The Maine Supreme Judicial Court on Thursday will consider whether the high court’s decision affects the sentences of Sally Schofield, 43, of Chelsea and Christian Averill, 22, of Sabattus.

In Blakely v. Washington, a Washington state kidnapping case, the federal high court in June ruled unconstitutional the state sentencing guidelines that allow a judge to use facts not considered by a jury to increase a defendant’s punishment.

In light of that decision, the Maine supreme court asked to hear arguments in two cases pending before it on how the Blakely decision affects those sentences.

Schofield was sentenced in September 2002 to 28 years in prison with eight years suspended for the asphyxiation death of her foster child, who died after being bound with duct tape.

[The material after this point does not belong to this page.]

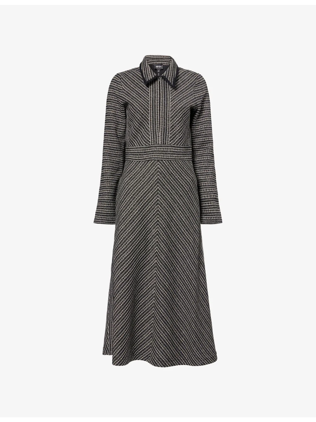 PRODUCT DETAILS - ME+EM knitted midi dress - 53% polyester, 23% viscose, 12% acrylic, 10% cotton, 2% metallised fibres; trim 51% cotton, 26% polyamide, 23% mohair - Concealed zip fastening at front - Regular fit, spread collar, long sleeves, zip pockets at front, all-over striped print, all-over tweed texture, metallic weave, flared hem - Machine wash at 30°C - Made in Turkey - True to size - Size UK 8: length 45in / 116cm - Model is 5ft 10in/1.78m and wears a size UK 8 - Midweight, stretchy Ref: R04557528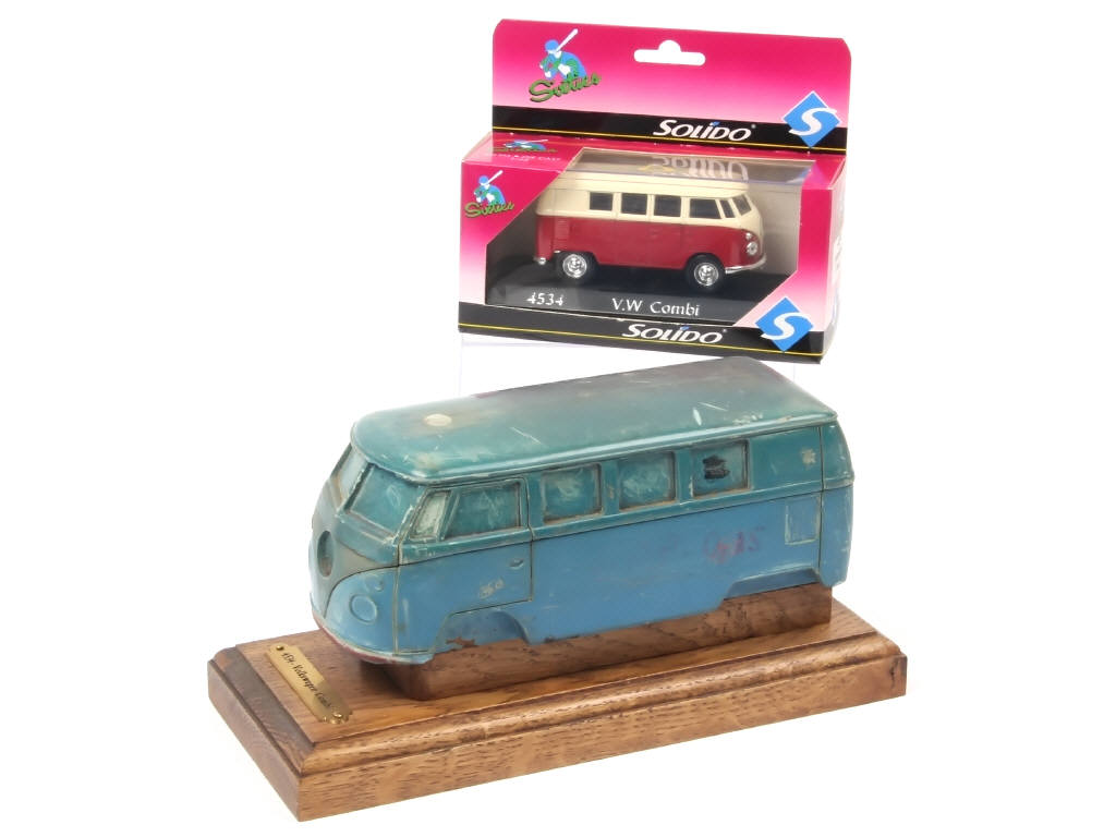 longueur 18,5 cm - réalisation en résine & bois, présenté sur socle en chêne massif - importants frottements avec quelques petits manques de matière sur la carrosserie par endroits - les maîtres modèles servaient à la fabrication des moules, il étaient fait en résine, bois, aluminium ou plâtre à une échelle double ou triple du futur modèle - pièce récupérée lors de la fermeture de l'usine - MODELE UNIQUE ! - on y joint la véritable miniature issue de cette étude (état 'A+.a')

Logan Marr, 5, died on Jan. 31, 2001, in the basement of Schofield’s Chelsea home.

Averill was sentenced in March 2003 to 34 years in prison with all but 24 years suspended and 10 years probation. He was convicted of attacking a woman in the bathroom of a campus academic building at Bates College in Lewiston while she was studying for finals in April 2002.

Schofield and Averill were sentenced under a Maine law that created a two-tiered sentencing formula for the most serious class of crimes. That provision was changed by the Legislature earlier this year.

“Our position as outlined in our brief is that it does not apply,” William Stokes, assistant attorney general, said Friday, pointing out that sentencings in Maine are structured differently from in Washington state.

“Class A offenses are crimes against a person and, generally, are crimes of violence,” he said. “We don’t believe these sentences were unfair or unjust.”

Stokes refused to elaborate on the arguments the Maine Attorney General’s Office will present to the court.

Attorneys for Schofield and Averill previously argued before the Maine supreme court that their clients’ sentences were excessive and that the judges who sentenced them abused their discretion.

The justices have not yet issued their decisions in either case.

The argument over the impact of the Blakely decision is far from over. The U.S. Supreme Court has scheduled arguments for Monday, Oct. 4, over how the Blakely decision has affected sentences handed down in federal courts throughout the nation.